Если бы он с ходу, без предупреждения, ударил Андрея, тот не изумился бы так.
- Вы знакомы с Невзоровым?
- И очень близко, - лицо Звоньского окаменело, глаза по-волчьи вспыхнули. Он сунул руку между кресел и выудил увесистый черный пакет.
- Здесь сто тысяч. Берите и считайте, что повезло. Времена, мистер Островцев, повернули, и повернули круто. Вы молоды, и этого, видимо, не заметили…
- Заметил, - тихо сказал Андрей, взял пакет и опустил на дно портфеля.

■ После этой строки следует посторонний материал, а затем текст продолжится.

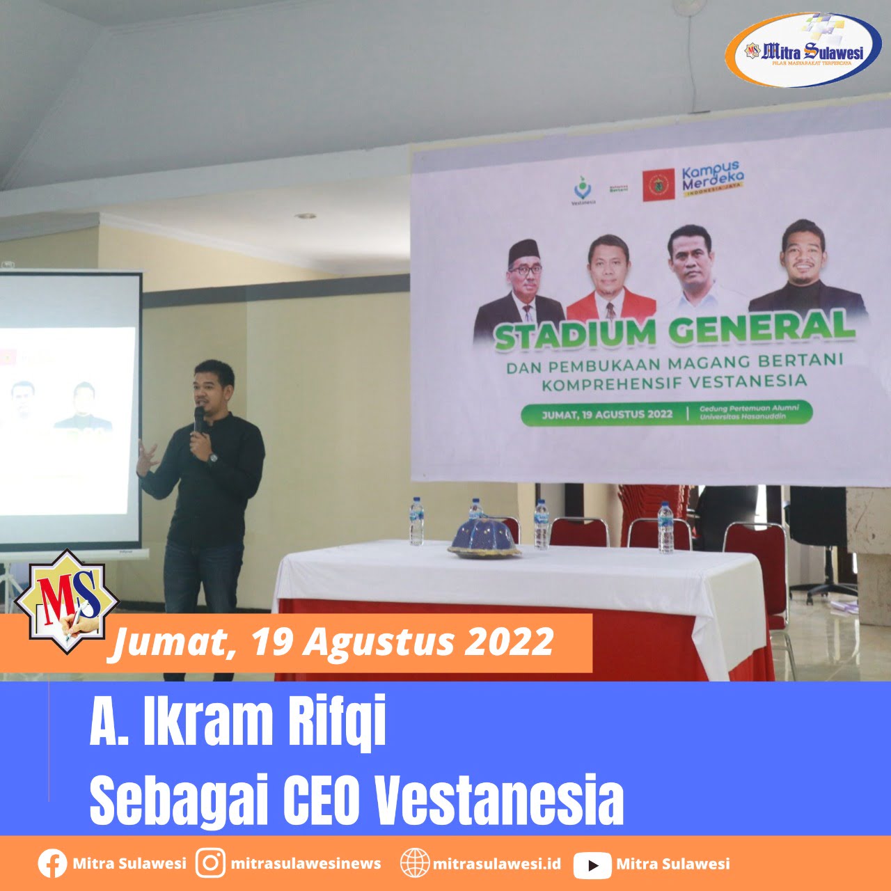 Makassar, mitrasulawesi.id — PT Karya Petani Indonesia dengan resmi membuka Magang Bertani Komprehensif di Gedung Pertemuan Alumni Universitas Hasanuddin yang dibuka langsung oleh A. Ikram Rifqi sebagai CEO Vestanesia, Jumat (190l/08/2022).

Досье Невзорова и конверт из фольги он положил на сиденье рядом с собой: Звоньский следил в зеркало заднего видения. Не произнеся ни слова, старший научный сотрудник выбрался из машины и, не оглядываясь, направился к переулку. Купил в кассе билет, не желая бегать по электричке от контролеров, когда в портфеле сто тысяч долларов.
"Сто тысяч долларов" - три слова перекатывались во рту, как леденцы.

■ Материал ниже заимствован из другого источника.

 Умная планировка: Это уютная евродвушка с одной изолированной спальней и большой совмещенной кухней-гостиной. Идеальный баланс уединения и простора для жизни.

Вспомнив волчьи глазки Звоньского, Андрей встревожился. Раскрыл портфель, надорвал черный пакет. Зелень бросилась в глаза. Островцев никогда прежде не видел доллары, но сразу догадался: они.
За окном перелистывались подмосковные пейзажи.
Эйфория прошла. Андрей начал подозревать, что стал пешкой в чьей-то игре: пешку побили ферзем и щелчком убрали с доски.
Вспомнились дрожащие пальцы Салливана: что же тот обнаружил в бумагах Невзорова?
Невзоров! Островцев побледнел: а вдруг директор ЯДИ нарочно оставил кабинет открытым?
"А может, Невзоров и избил меня нарочно? Спровоцировал?"
Рубашка прилипла к спине.
Бред. Невозможно так все подстроить.
А вдруг - возможно? Если знать, за какие ниточки дергать… Неужели его, Островцева Андрея Сергеевича, столь подробно изучили? Безапелляционно, грубо, как препарированного лягушонка?
Андрею стало страшно. Захотелось швырнуть портфель с валютой в окно.
11. Ешь ананасы
Стук босых ног по деревянному полу.
- Ты чего?
- Холодно, хочу камин затопить. Погреемся напоследок.
- Ну, еще бы не холодно, ты же голая.
Марина засмеялась, перенося огонек зажигалки на березовую кору.
Я смотрел, как лучи утра, проникая в окно, обшивают силуэт сидящей девушки светящейся нитью. Вдруг острая зависть к бывшим пронзила меня: как жаль, что в жизни моей никогда не повторится это утро!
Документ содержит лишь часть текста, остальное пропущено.